New research links global climate patterns to wildfires in Los Angeles

As wildfires continue to ravage regions from Los Angeles to South Korea, a new study featured on the cover of Advances in Atmospheric Sciences sheds light on the large-scale climate patterns influencing these devastating global extreme events.

The research, led by Professor Young-Min Yang from Jeonbuk National University, reveals how tropical climate phenomena like the Madden-Julian Oscillation (MJO) can trigger dry, windy conditions that exacerbate wildfires in mid-latitude regions, including the western U.S. and East Asia.

Wildfire prediction remains a major challenge due to rapidly changing weather conditions and complex environmental factors. The study highlights the MJO—a large-scale tropical weather pattern—as a key driver of atmospheric waves that can lead to fire-favorable conditions thousands of miles away.

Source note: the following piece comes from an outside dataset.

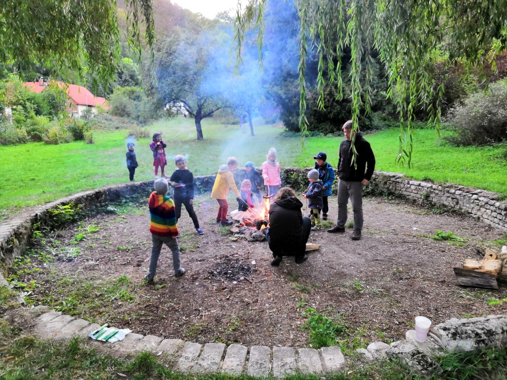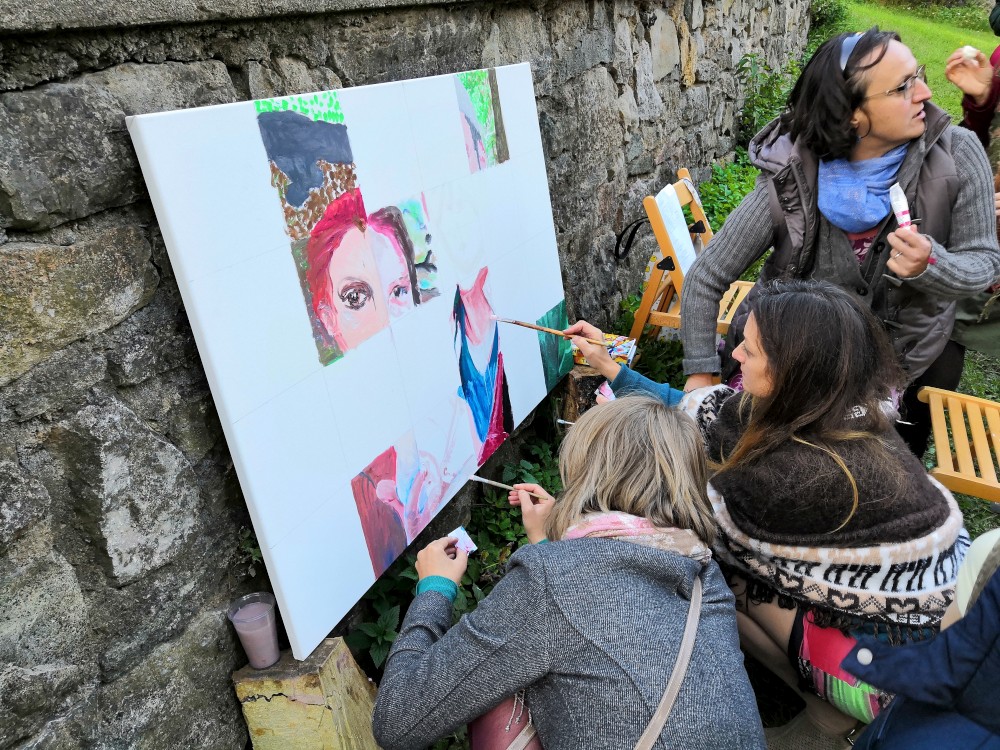 Po sestupu probíhá zahradní slavnost. Hudba, malování Pavly, Jaryna a Johanky podle fotky, oheň. Večer jdeme uspat kluky do našeho pokoje v místním klášteře a jdeme k ohni. Čekáme, zda se večer rozjedou nějaké kytárky, ale nestalo se tak. Dáváme tedy s Láďou prostý zpěv, a to až tak do čtyř do rána :-). Ještě několik dní se mi moc dobře nemluví.

"Our findings show that strong MJO activity in the eastern Indian Ocean can trigger atmospheric teleconnections, leading to dry and windy weather in wildfire-prone areas like Los Angeles within days to a week," said Professor Yang.

"This provides a crucial prediction window that could improve wildfire forecasting and risk management."

The research also suggests that the Arctic Oscillation (AO) may contribute by bringing colder, drier air to regions like North America, further increasing fire risk. These insights could help explain why recent wildfires in Los Angeles have been severe even in years with less extreme drought conditions.

The study's release follows South Korea's worst-ever wildfire outbreak, which has now been contained after killing 28 people and razing vast swaths of land. As the lead author's home country recovers from this disaster, the research underscores how large-scale climate patterns like the MJO may contribute to extreme fire weather in the region.

To enhance wildfire prediction, the research team plans to integrate additional climate signals—such as warming in the tropical Indian Ocean and Siberia—into advanced AI-based weather models. These tools could extend forecast accuracy to several weeks, aiding preparedness efforts.

"Our ultimate goal is to develop more reliable wildfire prediction models by incorporating MJO and AO influences," said Professor Yang. "With better forecasting, communities can implement earlier mitigation strategies, reducing the damage from these disasters."

The study underscores the growing need to consider global climate dynamics in regional wildfire management, particularly as climate change intensifies weather extremes.